Roundup: 7 NY DAs write op-ed for child trauma prevention; LA changes punitive approach to truancy; Calgary, Canada, getting grip on DV

The district attorneys of Queens, Richmond, Onondaga, Monroe, Kings, Bronx and New York counties wrote an op-ed in the New York Daily News supporting NYC Mayor Michael Bloomberg’s request to the state for $5 million for the Nurse Family Partnership Program to help prevent child abuse. In New York, 77,000 children were abused or neglected in 2010. In part, the op-ed said: “Decades of research, beginning in Elmira, N.Y. in 1976, have demonstrated that mothers who volunteered to receive the home visiting service were half as likely to abuse or neglect their

kids compared to similar mothers who did not participate.

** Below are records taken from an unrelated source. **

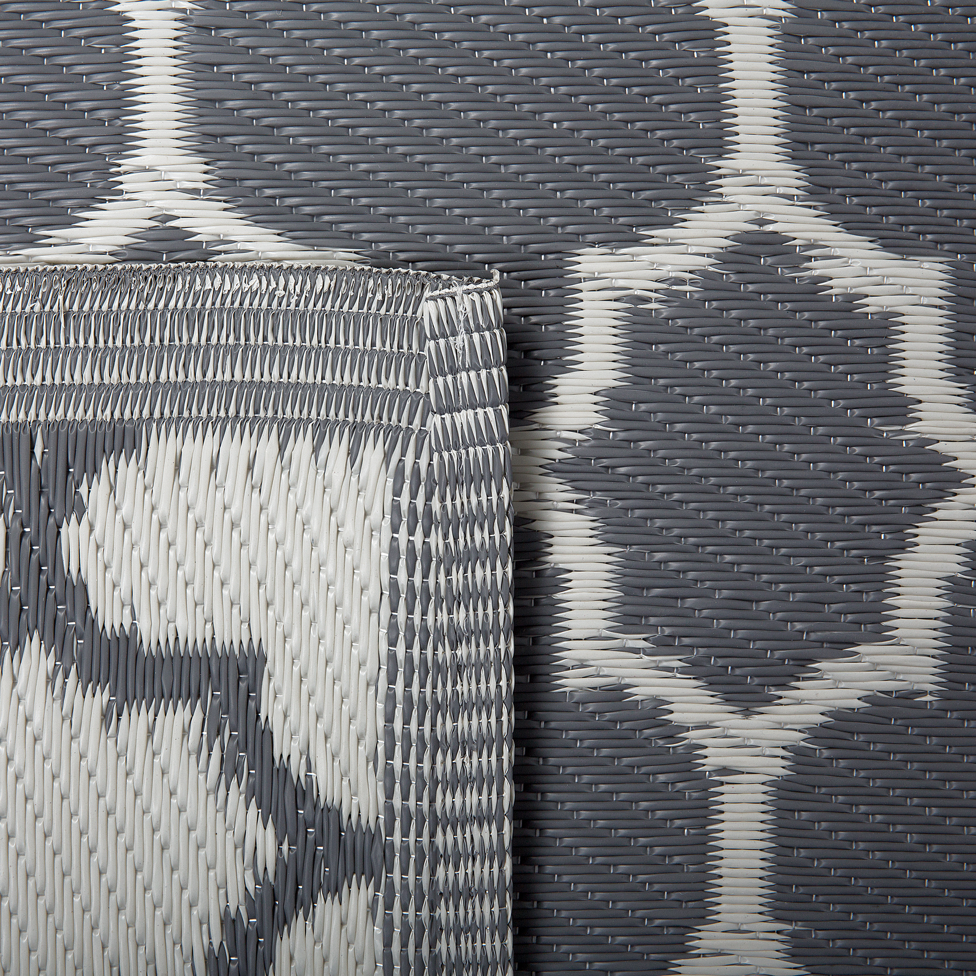 Outdoor Teppich grau 90 x 180 cm marokkanisches Muster zweiseitig Kurzflor SURAT
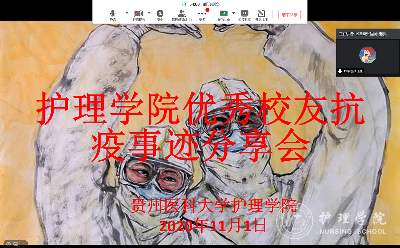 11月1日,allwincity万象城官方网站结合腾讯会议线上平台开展了“allwincity万象城官方网站优秀校友抗疫事迹分享会”,分享会由allwincity万象城官方网站学生科副科长毕丽主持,allwincity万象城官方网站全体学生干部、全体2020级男同学参加。本次分享会邀请到来自援鄂一线的两名优秀校友,他门分别是来自allwincity万象城官方网站附属医院介入手术室的李董江和贵州中医药大学第二附属医院儿童康复中心的唐攀,他们分别从自己抗疫的亲身经历,分享了战斗心路历程,并回顾了护理工作生涯,激励全体参会同学在校期间要努力学习专业技能,提升护理专业的认同感与自豪感。唐攀还从自己作为男护士在求学期间的迷茫、入职时的优势以及工作心得等方面讲述了自己的感受与收获,句句用情,无不体现出学长对学弟学妹们的关爱,同时也鼓励万象城官网男护生要坚定理想信念,对护理职业充满信心。最后,两位抗疫的优秀校友与参会的同学们进行了交流,解答了同学们的关于专业学习和生活中的疑问。
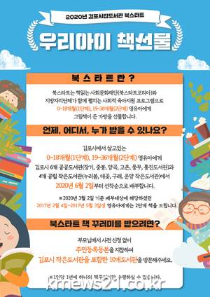 ▲ [사진=홍보포스터]김포시립도서관(관장 소영만)은 오는 6월 2일부터 0~36개월 영유아를 대상으로 그림책 두 권과 북스타트 가이드북이 든 책 꾸러미를 선착순으로 배부하는 북스타트 운동을 실시한다.
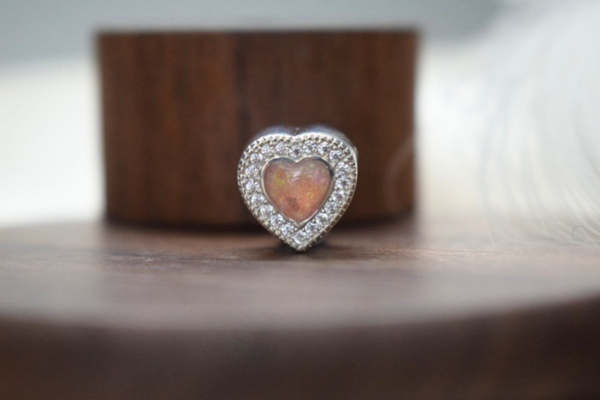 This elegant Pandora-style heart charm is crafted from solid sterling silver, featuring a central inlay space to hold ashes, hair, fur, or a small piece of fabric. The heart is surrounded by a sparkling row of clear CZ stones, creating a timeless, personal tribute that fits seamlessly into most charm bracelets.
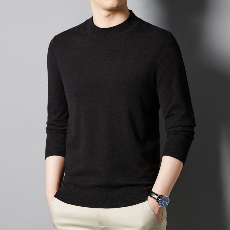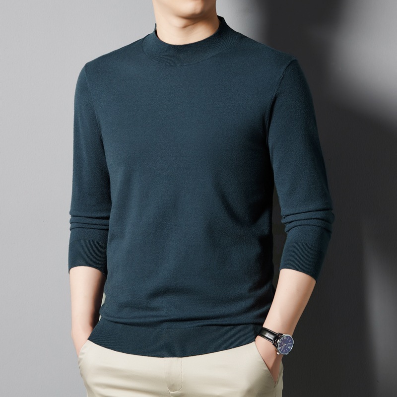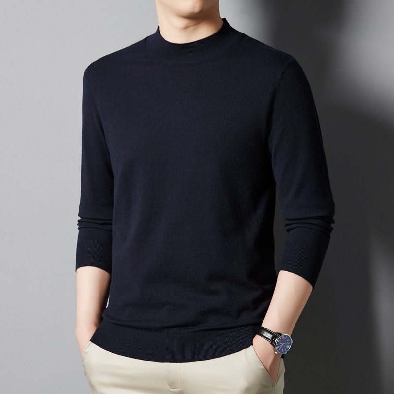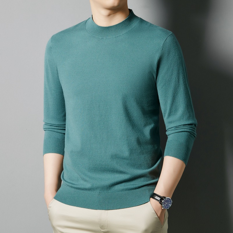 2023 스웨터 남자 봄과 가을 중년 긴팔 반팔 터틀넥 니트 탑 캐주얼 얇은 루즈베이스 셔츠
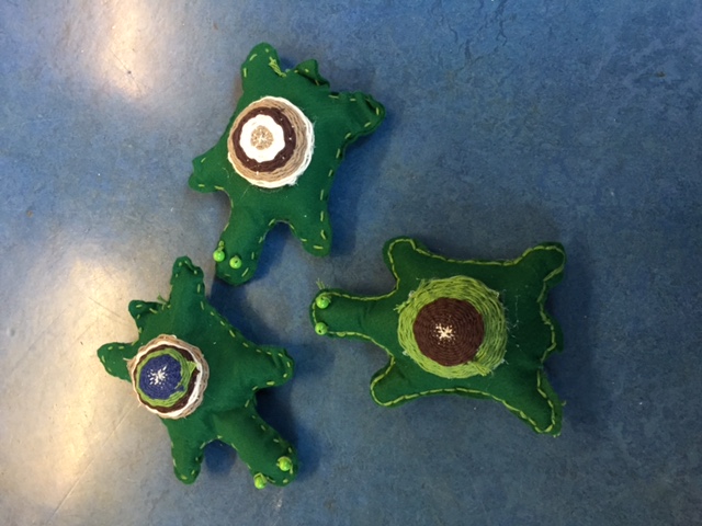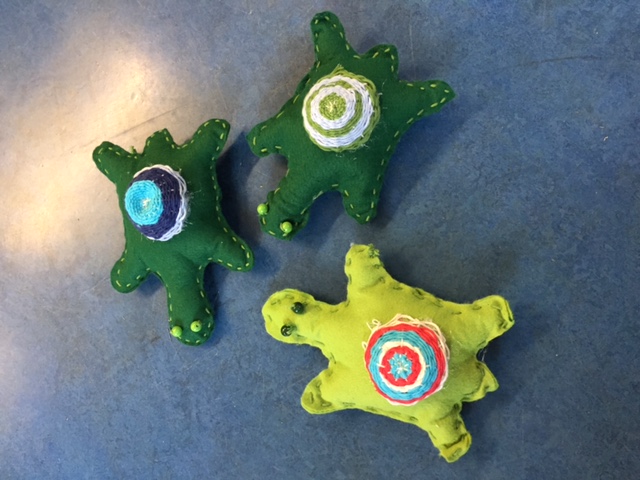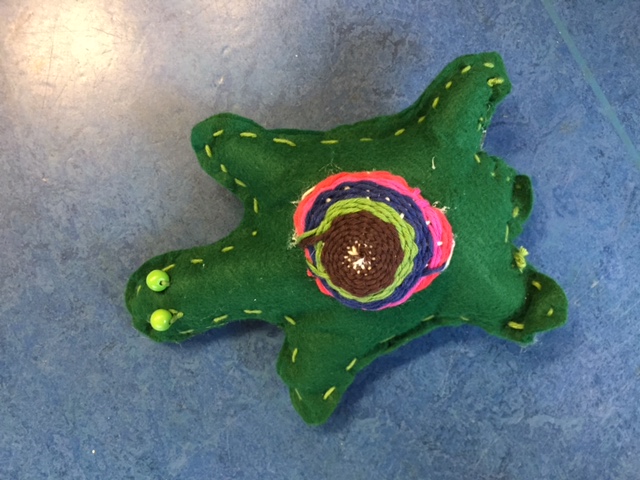 Passend zur Jahreszeit haben sich die Kinder der Klasse 3/4 d im Musikunterricht mit dem Thema „Karneval der Tiere“ beschäftigt. Neben dem Erwerb von theoretischem Wissen über den Komponisten Camille Saint-Saëns stand das Hören der unterschiedlichen Musikstücke im Vordergrund. Passend zur Musik der Schildkröte haben die Kinder im Kunstunterricht fleißig gewebt und genäht. Dabei sind hübsche Schildkröten entstanden, die sich sehen lassen können.
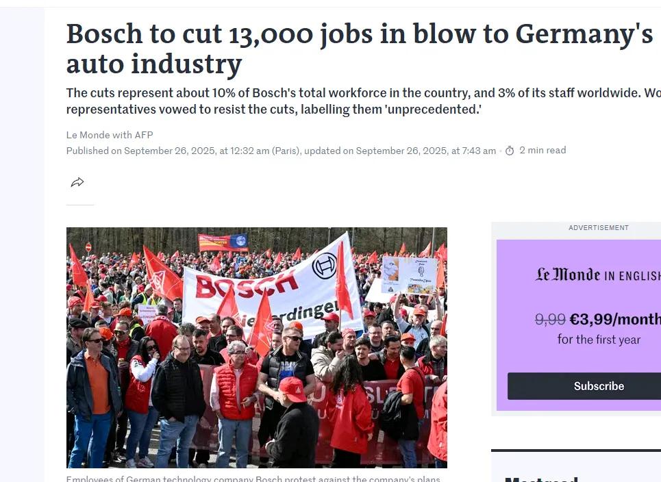 最后,全球产业链的动荡,进一步放大了利润压力。地缘政治冲突、原材料价格波动以及汇率风险,让博世的全球供应链持续承压。尤其是欧洲能源成本高企、中国市场竞争加剧,使得其生产与运营成本不断攀升。与此同时,全球车市需求疲软,车企纷纷压减零部件采购价格,进一步压缩了博世的利润空间。
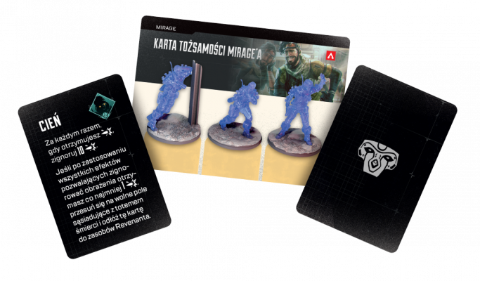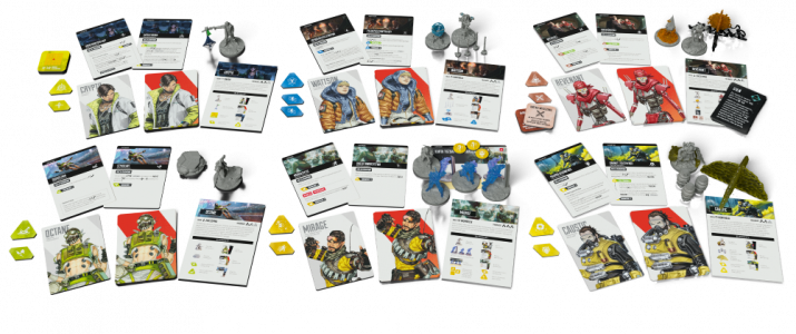 Apex Legends: Gra planszowa - Drużyna 1 wprowadza do gry drużynę 6 nowych legend (Caustic, Crypto, Mirage, Octane, Revenant i Wattson) oraz elementy niezbędne każdej z nich, w tym figurki legend i efektów legend oraz karty i wypraski.
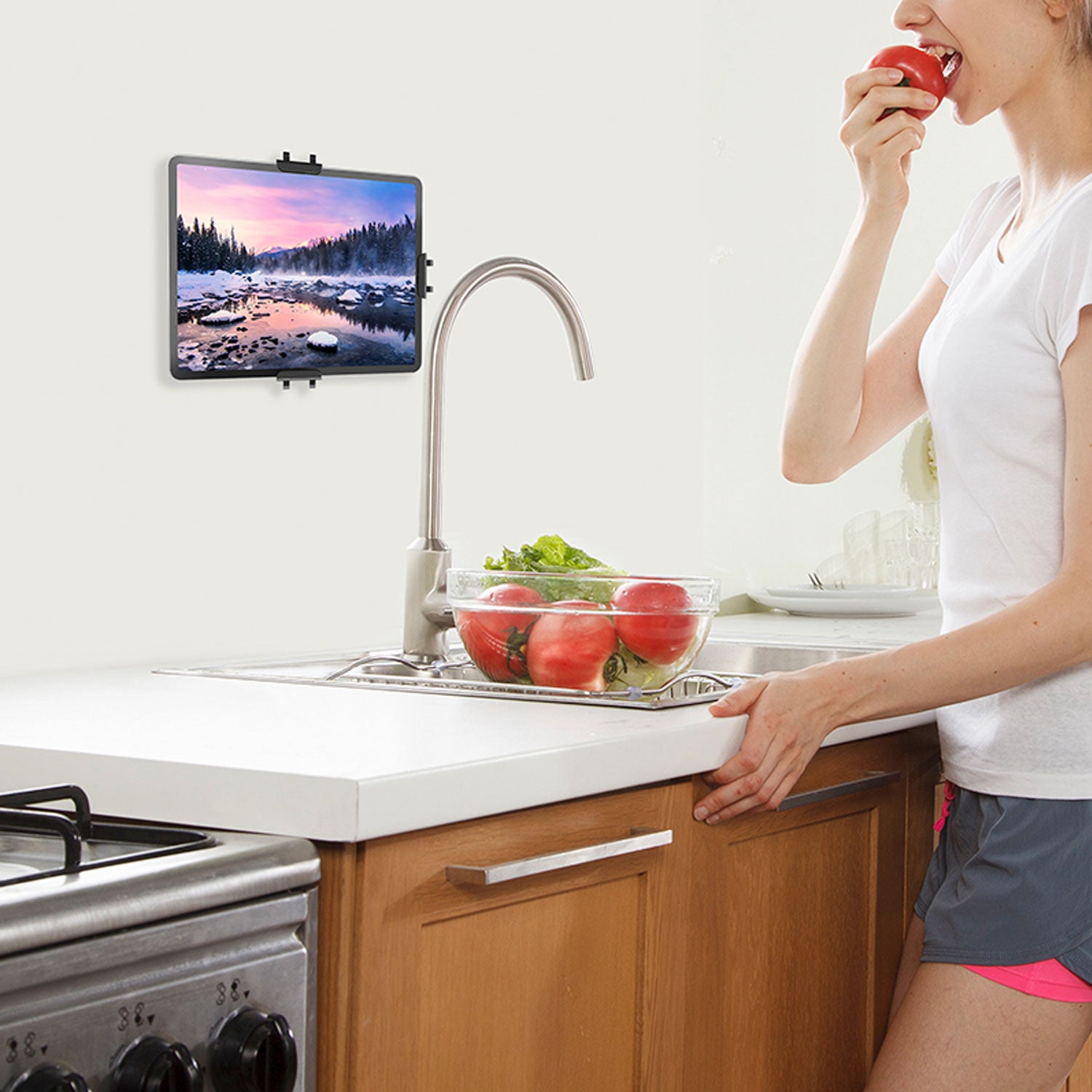 With the combination of 3 individual-piece wall mounts, it fits all mobile phones and tablets with its thickness of 0.5" or less. The 3-pieces tablet wall mount can be used as a separate hook. With the support weight 500g, it can be used in the kitchen, bedroom, living room, bathroom and more.
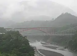 The Dahan River (Chinese: 大漢溪, also spelled Tahan) is a river in northern Taiwan. It originates in Hsinchu County and then flows through Taoyuan City and New Taipei City for 135 km, before it joins Xindian River in Taipei to form the Tamshui River. The upper reaches of the Dahan are also known as Takekan Creek (Chinese: 大嵙崁溪; Pe̍h-ōe-jī: Toā-kho-khàm-khe) or Taigang Creek (Chinese: 泰崗溪). An alternative historical name for the Dahan is the Shihmen River (Chinese: 石門溪).
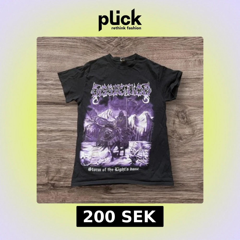 Säljer en svart band-tshirt från Gildan med stort tryck av bandet Dissection och motiv på framsidan samt text och symbol på baksidan. Säljer då jag är i behov av pengar.
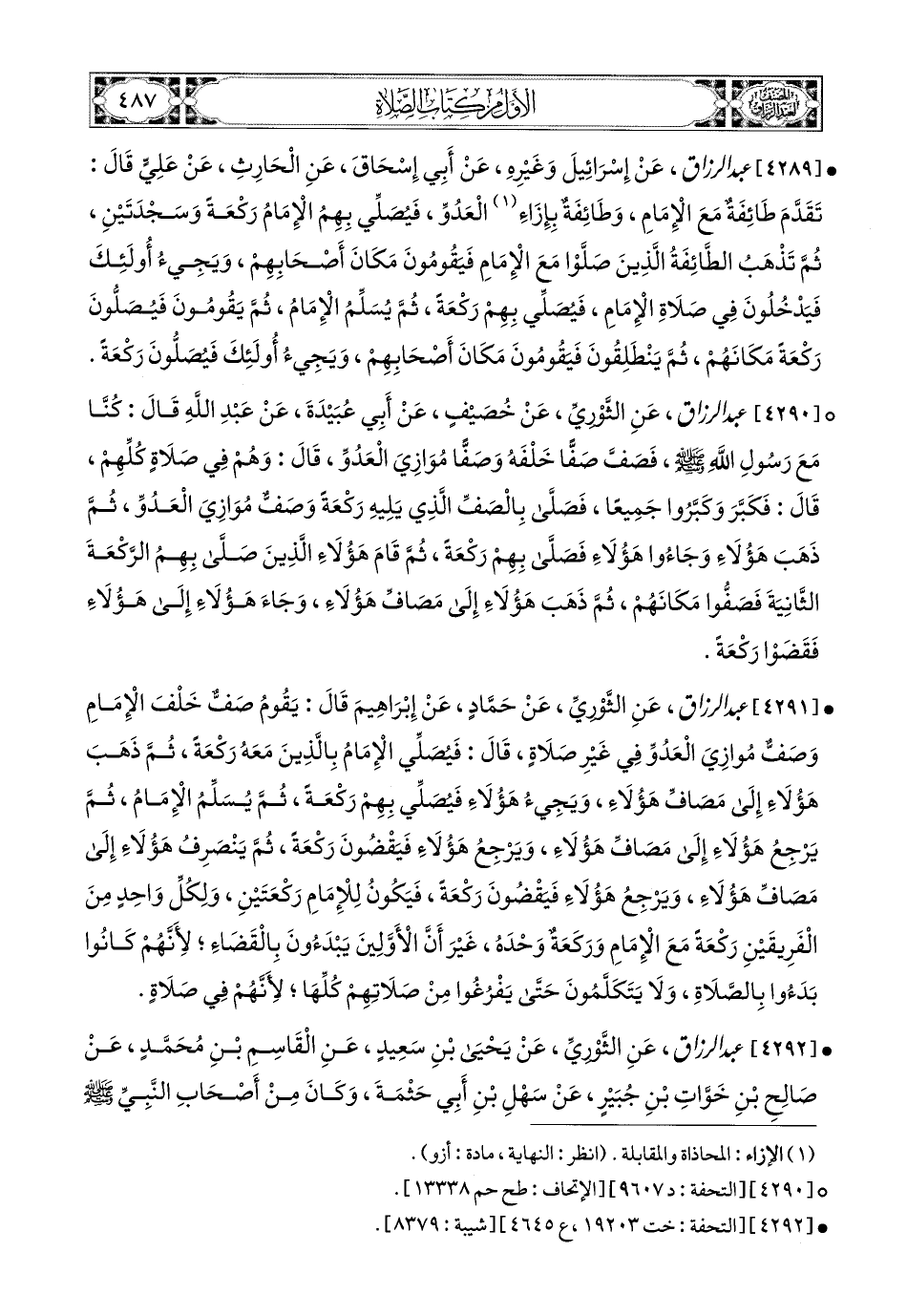 4291- عبد الرزاق، عَنِ الثَّورِيِّ، عَن حَمَّادٍ، عَن إِبرَاهِيمَ، قَالَ: يَقُومُ صَفٌّ خَلْفَ الإِمَامِ، وَصَفٌّ مُوَازِيَ الْعَدُوِّ فِي غَيْرِ صَلاَةٍ، قَالَ: فَيُصَلِّي الإِمَامُ بِالَّذِينَ مَعَهُ رَكْعَةً، ثُمَّ ذَهَبَ هَؤُلاَءِ إِلَى مَصَافِّ هَؤُلاَءِ، وَيَجِيءُ هَؤُلاَءِ فَيُصَلِّي بِهِمْ رَكْعَةً، ثُمَّ يُسَلِّمُ الإِمَامُ، ثُمَّ يَرْجِعُ هَؤُلاَءِ إِلَى مَصَافِّ هَؤُلاَءِ، وَيَرْجِعُ هَؤُلاَءِ فَيَقْضُونَ رَكْعَةً، ثُمَّ يَنْصَرِفُ هَؤُلاَءِ إِلَى مَصَافِّ هَؤُلاَءِ، وَيَرْجِعُ هَؤُلاَءِ فَيَقْضُونَ رَكْعَةً، فَيَكُونُ لِلإِمَامِ رَكْعَتَيْنِ، وَلِكُلِّ وَاحِدٍ مِنَ الْفَرِيقَيْنِ رَكْعَةٌ مَعَ الإِمَامِ وَرَكَعَةٌ وَحْدَهُ، غَيْرَ أَنَّ الأَوَّلِينَ يَبْدَؤُونَ بِالْقَضَاءِ؛ لأَنَّهُمْ كَانُوا بَدَؤُوا بِالصَّلاَةِ، وَلاَ يَتَكَلَّمُونَ، حَتَّى يَفْرُغُوا مِنْ صَلاَتِهِمْ كُلِّهَا؛ لأَنَّهُمْ فِي صَلاَةٍ.

Children whose mothers did not participate had more than twice as many convictions by age 19, concentrated among the females.”

In another example of how taking a solution-oriented approach trumps a punitive approach, the Los Angeles City Council changed its student daytime truancy law so that kids on their way to school aren’t hit with a ticket within the first 90 minutes of class, according to Krissy Clark’s report on NPR. Over five years, truancy officers wrote 47,000 tickets, each of which could be as much as $350. When they’re ticketed, kids can be handcuffed and searched. Blacks and Latinos received a disproportionate amount, and most tickets were written in low-income neighborhoods. Manuel Criollo, an organizer with L.A.’s Community Rights Campaign, discovered that cops were hanging out a bus stops to ticket students who were a few minutes late for class, even after a 45-minute two bus-ride commute. Under the new system, fines will be waived for the first two tickets, and counselors will be required to work with students to find solutions to get to class on time.

People in Calgary, Canada, believe they’re finally turning the tide on reducing domestic violence, 12 years after a special court was set up, according to Jason Van Rassel in the Calgary Herald. Although the number of complaints went up last year — to 16,500 from 15,789 in 2010 — the number of criminal charges decreased and recidivism rates are 30 percent of what they used to be. HomeFront Calgary is the coalition of police, prosecutors and local agencies behind the court, which offers “treatment to perpetrators who are willing to change and jailing the ones who aren’t, while at the same time ensuring shelter, protection and support for victims and children.”